Shrapnel was flying nearby, he said, and he watched the Japanese planes bombing the other ships.
“They were really in on the know. They knew exactly what they were doing,” he said.
“Blankety blank”
Ted Kuykendall, 86, who was raised in Oilton and now lives in Tulsa, was on the USS Nevada, the sister ship of the Oklahoma.
“We were the only ship of the battleships to get under way,” he said. “We started out the channel, and then they tried to sink us in the channel so we ran it aground at hospital point and the tugs pushed us over the beach.
“About that time the bell sounded for 8 a.m. colors (raising the flag). The band was out on the fantail. We were saluting the colors and the first plane made a strafing run over the ship. One of my shipmates said it’s a blankety blank Jap. All hell broke loose.”
The Nevada was hit by a torpedo and bombs.
It blew Kuykendall through a compartment area, but he wasn’t severely injured.

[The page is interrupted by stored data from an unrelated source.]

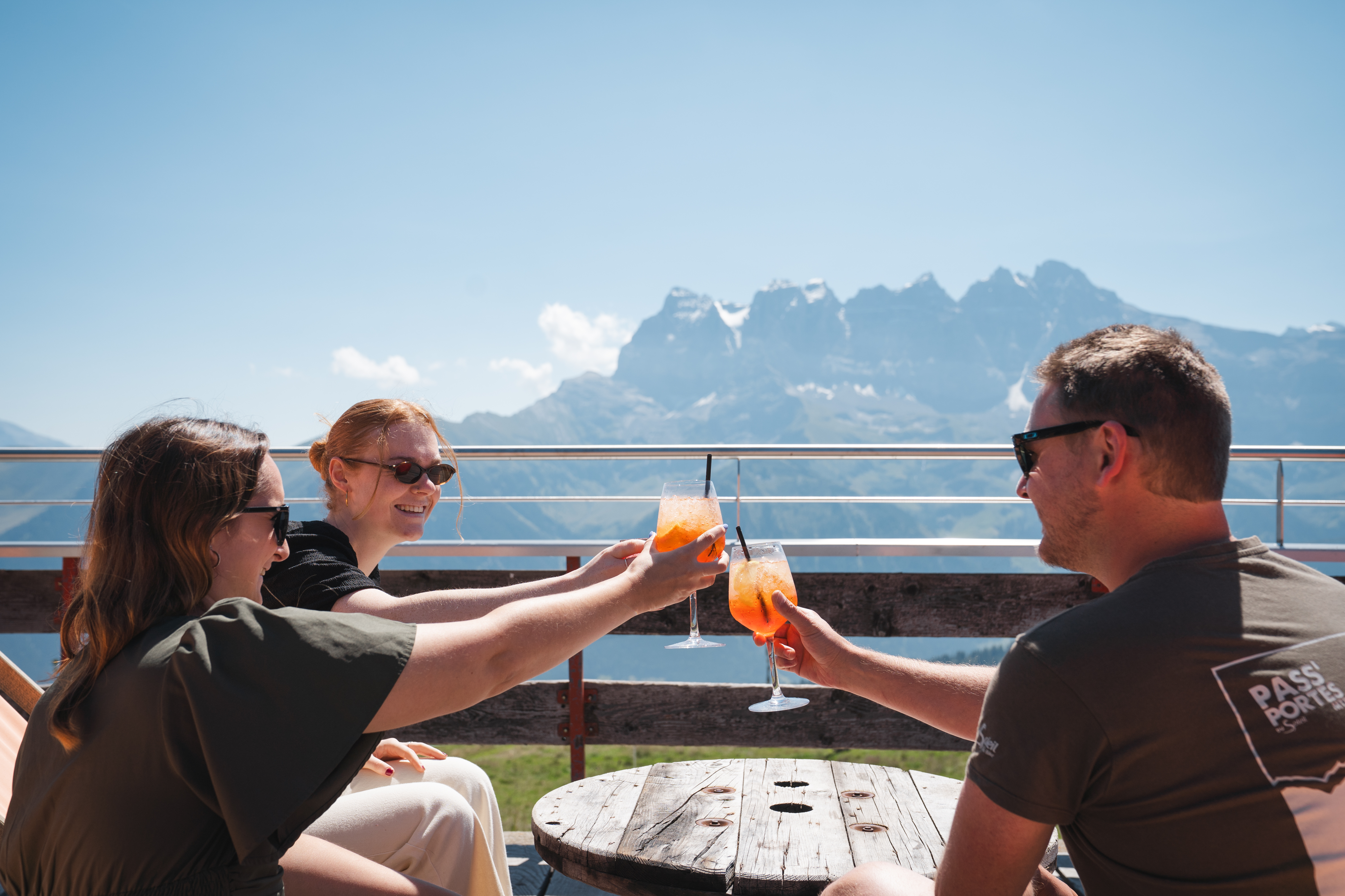 Als echter Balkon vor den Dents-du-Midi, auf dem Gipfel der brandneuen ‚Morgins Gondel‘ gelegen.
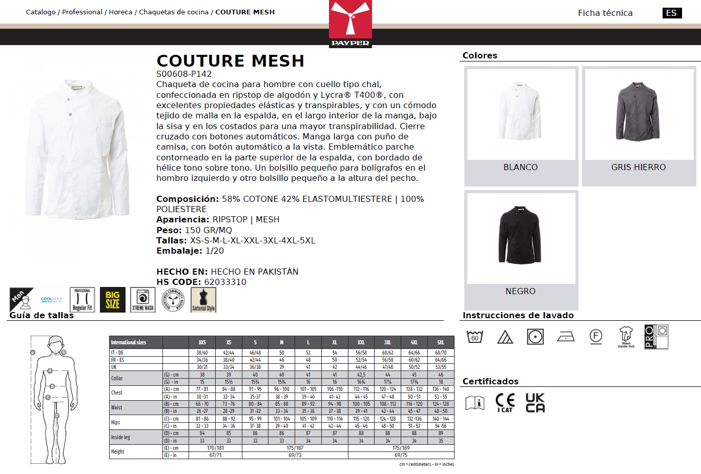 CHAQUETA COCINA COUTURE MESH · ELASTICO/STRETCH · CIERRE AUTOMATICOS · MALLA ESPALDA · COOLMAX · RIPSTOP · CE I CAT - Chaquetas Cocina - PayPer - Hombre
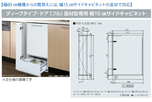 サイドキャビネット[幅15cm][ドア面材型専用][ドアフル面材型専用][キッチン高さ80cm用][右仕様][ビルトイン食洗機部材]
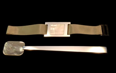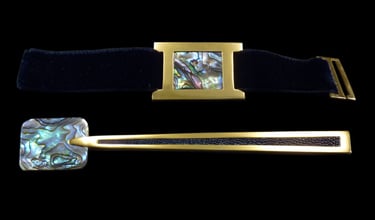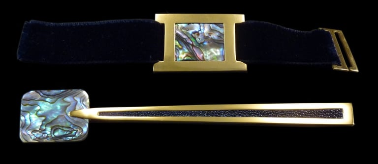 Caviar spoon and napkin ring Mademoiselle H Abalon Or. Gold 18k, blue abalon mother of pearl, blue shagreen, blue velvet ribbon.
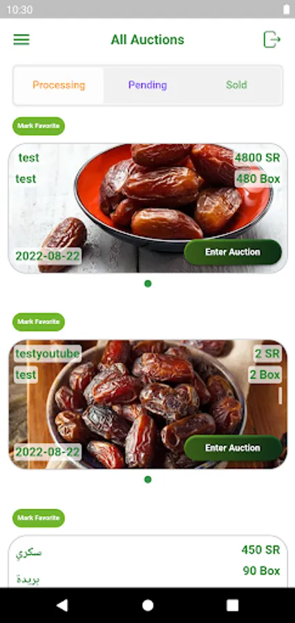 With Live Market KSA You can bid on goods( Dates ), seller will post ads about his goods, buyers will first register, recharge his wallet and then participate in auction, and person with higher bid will get those goods and amount will be deducted from his wallet.

“We had heard this bombing at Hickam Field. Our thought was the damn Army was having drills on a Sunday,” he said.
Never forget
Vezey, 87, of Center, Colo., in an interview earlier this year, said when he’s asked what comes to mind when he thinks about Pearl Harbor, he says it’s faces, old buddies, roommates, shipmates … just faces.
Holding a cross he wears around his neck, Vezey said:
“People say forgive and forget. I say, pardon me. I can forgive. That’s my duty wearing this cross. Don’t ask me to forget.”